By HolkinPV, 7 years ago, translation, ,

In this problem you should hack the sorting algorithm, of course it was incorrect. It was correct only for arrays with n <  = 2. In other cases you could print n, n–1, ..., 1 as a counter-example. To make the sorting right, the second cycle should be from 1 but not from i.

Note, that you can always get the answer n–1. To get this result you should make first n–1 equal using the last element as the second element in pair of given operation. But after it, the whole array could become equal. It could happen if the sum of array’s elements is divisible by n. So the answer is n–1 or n.

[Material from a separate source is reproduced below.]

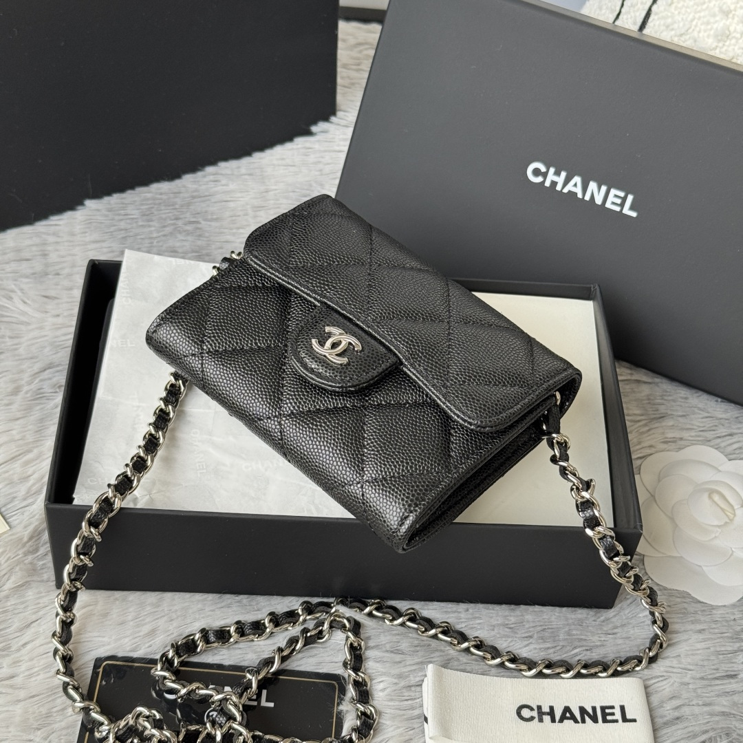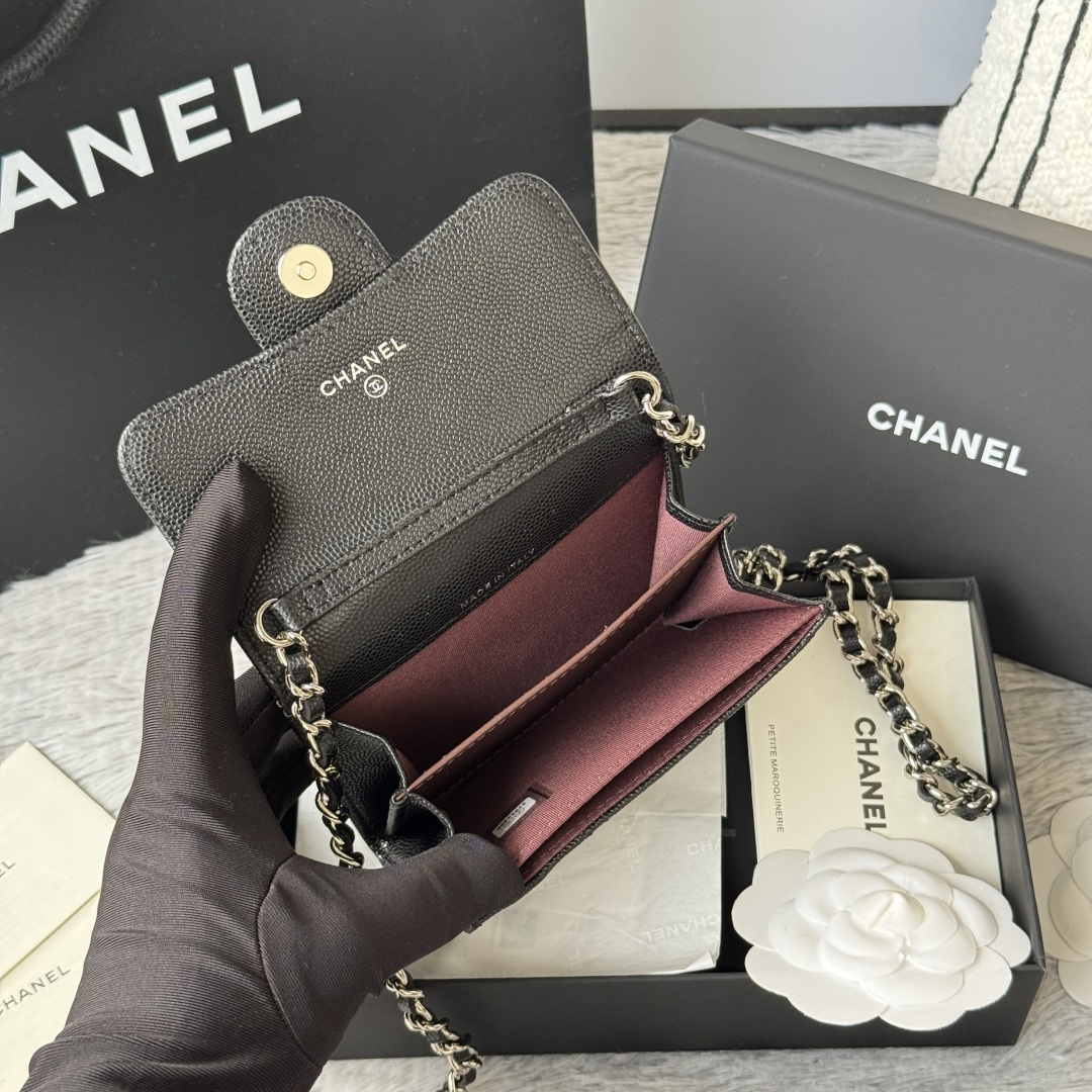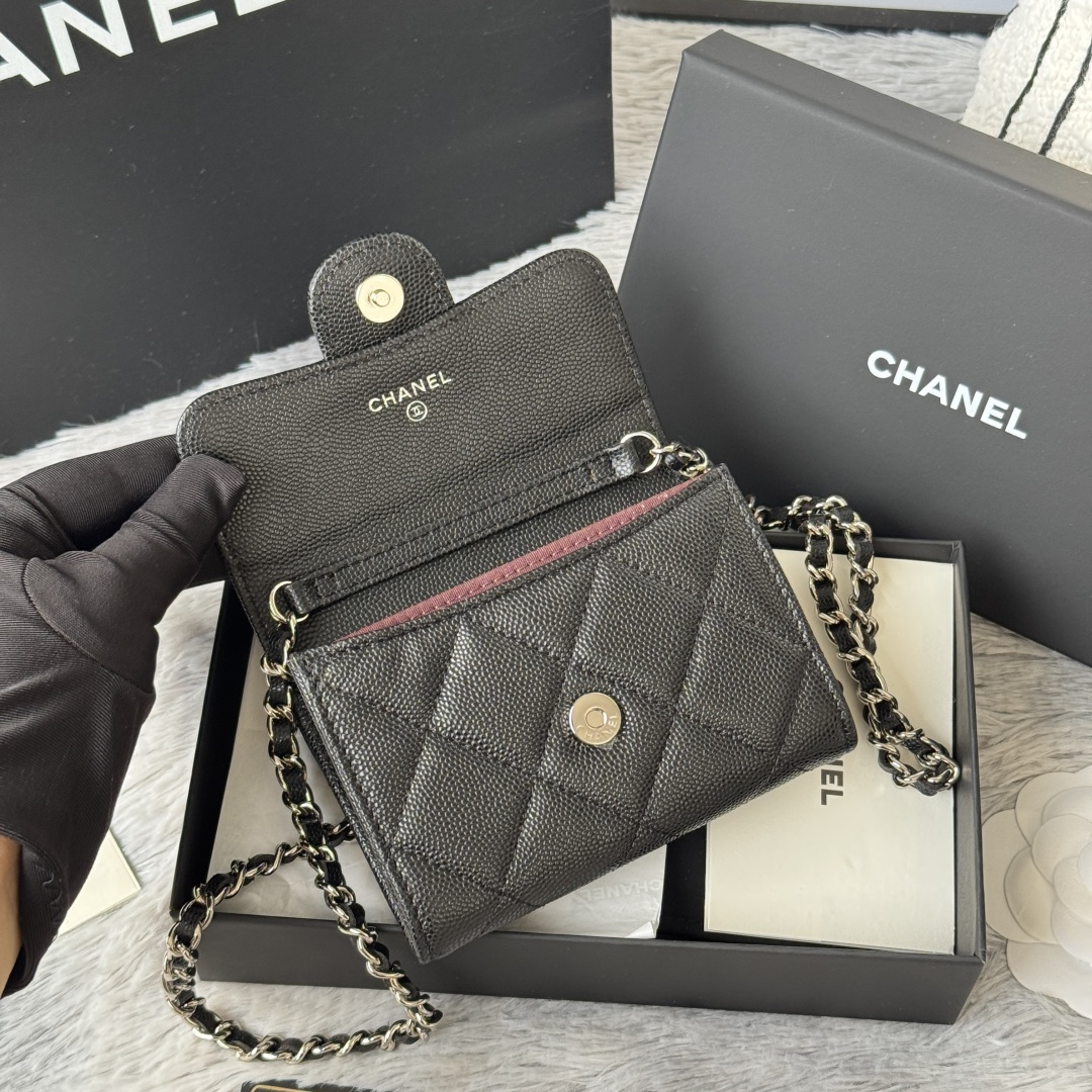 250 SS25 newly upgraded small fragrance chain bag with magnetic suction buckle, made of caviar cowhide, can hold lipstick, credit card and some small change. No.: 02.52.5cm full set of packaging, box card, ribbon and cloth bag all have exclusive photos

This problem was rather mathematical. The correct solution is: firstly take every element once, then take the maximum and any other, then two maximums and any other, then three maximums and any other and so on. In this case, you get as many sets as you need in this problem. It is easy to check, that all sums will be different.

This problem could be solved in this way: create new graph where vertices are the colors of the given graph. The edge between vertices u and v belongs this new graph if there are two vertices a and b in the given graph such that c[a] = u and c[b] = v. So, the answer is such color k with minimum number, that the degree of the vertex k in the new graph is maximum (without multiple edges). Such solution could be written using O(M·log(N)) time.

This problem had little in common with problem 208E - Blood Cousins. In comments to this problem there was given a solution using structure deque (array in which you can add or delete elements from both endings). Let’s describe solution using this structure.

Firstly all different names change with different integers and for every vertex v save all queries with this vertex. Then for every vertex, which is root of some tree make dfs, the parameters of dfs are vertex v and deque <set > z. This deque for every depth i of the subtree of v save set — all different names (integers) on depth i.

This deque could be calculated simply. Consider all sons of v and calculate such deque for them. Obviously, the size of our deque z will be maximum of sizes of descendants’ deques. Then consider every descendants’ deques and merge appropriate sets of integers. Of course, we will merge smaller set to a larger set. After that you should insert to the beginning of deque z the set of size 1 — color of vertex v.

After this, you can at once answer all queries of vertex v. Answer is 0 if v has no descendants on the depth k or the size of z[k]. It is known that such method has good asymptotic, the author’s solution works about one second. The asymptotic is O(N·log2(N)).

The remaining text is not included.